The LeNet-5 is trained for 40 training epochs. Afterward, the pseudo-real P-GridUnitary mesh and FFTUnitary mesh achieves the classification accuracy of 99.33 and 99.35%, respectively, almost the same to the case of universal GridUnitary mesh (99.36%) as shown in Figure 3a–d, which is used as the baseline for comparison, further verifying their closeness on real-value matrix expressivity as shown in Figure 2. Moreover, for the conventional SVD-based universal mesh, considering the matrixes (or convolution kernel) in trained network model can be decomposed to U,V and a diagonal matrix Σ (Eq.(1)), and then the phase-shifters setting to produce these three multiplier can be obtained by the scheme from Reck or Clements et al. [17, 33], we may use the network directly trained in real-value domain to benchmark the performance of the conventional SVD-based universal mesh. Interestingly, the pseudo-real mesh perform better than conventional SVD-based mesh which achieves relative lower network accuracy of (98.77%, Figure 3a and e), in line with the observation in previous reports [17, 27]. We suggest that when the conventional SVD-based mesh and pseudo-real MZI mesh have similar real-value matrix expressivity, the pseudo-real architecture might be intrinsically easier to train. Perhaps this is because its much less phase parameters lead to smaller parameter space needed to search and accordingly higher possibility to reach the optimum after the same training epoch.

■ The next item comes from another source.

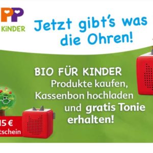 Derzeit könnt ihr euch ein gratis Tonie vom Kauf von Hipp-Produkten im Wert von mind. 50€ sichern.

For the case of MobileNet using high-radix pseudo-real-value FFTUnitary mesh (SI-4), it also achieves acceptable ∼89.4% accuracy for 10,000 test instances of the relative complex Fashion-MNIST dataset (Figure 5a), which is slightly lower than the baseline of ∼92.3% with universal matrix multiplier (Figure 5a–c), indicating the feasibility to pay acceptable cost on learning capability loss to apparently reduce the photonic devices consumption. Such superiority of the FFTUnitary mesh was also observed in the recurrent neural network applications of efficient unitary neural networks (EUNN) [31], where the EUNN using FFTUnitary mesh (radix = 128) shows slightly lower but quite close performances in compare with the EUNN using universal unitary mesh on TIMIT dataset for real-world speech prediction. As such, for either small or large radix N, we suggest the pseudo-real-value FFTUnitary mesh could be always a reasonable candidate for photonic matrix multiplier with low accuracy loss on PNN tasks. Some better training methods, especially the ones suitable for FFT-like architectures may further narrow the performances gap between the nonuniversal and universal mesh designs [41], [42], [43].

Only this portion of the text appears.